_Data to process:_
'''

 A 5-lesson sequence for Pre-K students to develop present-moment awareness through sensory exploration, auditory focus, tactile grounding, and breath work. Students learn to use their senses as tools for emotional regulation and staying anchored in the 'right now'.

'''
'''

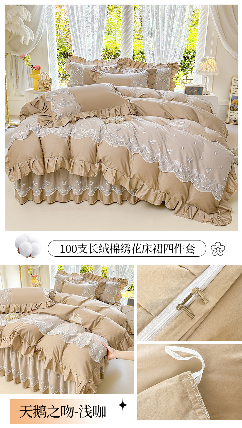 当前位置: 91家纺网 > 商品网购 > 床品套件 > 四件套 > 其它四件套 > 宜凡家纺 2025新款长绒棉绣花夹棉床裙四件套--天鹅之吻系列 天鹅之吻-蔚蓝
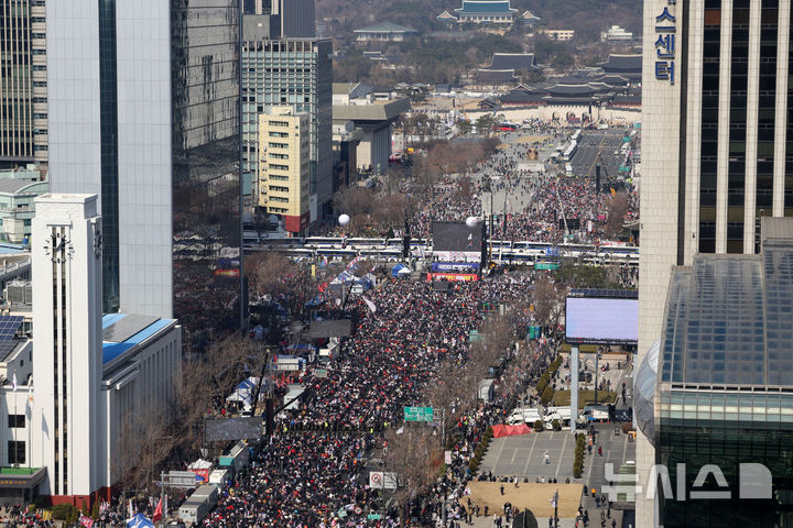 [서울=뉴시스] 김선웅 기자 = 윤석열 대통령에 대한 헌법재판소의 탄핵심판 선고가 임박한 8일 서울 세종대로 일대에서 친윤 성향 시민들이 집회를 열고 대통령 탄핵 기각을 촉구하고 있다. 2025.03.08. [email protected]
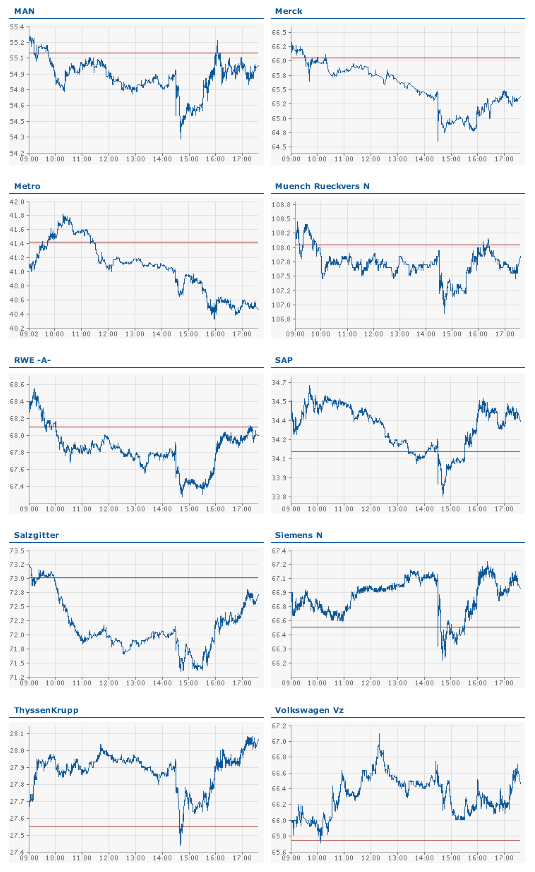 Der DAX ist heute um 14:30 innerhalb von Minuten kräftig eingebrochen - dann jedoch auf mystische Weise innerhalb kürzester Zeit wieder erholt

'''

_The problem:_
The lines to copy exactly start with the line above that has "[서울=뉴시스] 김선웅 기자" and go on through the line that has "Der DAX ist"; please include both, add nothing else, and omit the pictures.

_Response for this exercise:_
 [서울=뉴시스] 김선웅 기자 = 윤석열 대통령에 대한 헌법재판소의 탄핵심판 선고가 임박한 8일 서울 세종대로 일대에서 친윤 성향 시민들이 집회를 열고 대통령 탄핵 기각을 촉구하고 있다. 2025.03.08. [email protected]
 Der DAX ist heute um 14:30 innerhalb von Minuten kräftig eingebrochen - dann jedoch auf mystische Weise innerhalb kürzester Zeit wieder erholt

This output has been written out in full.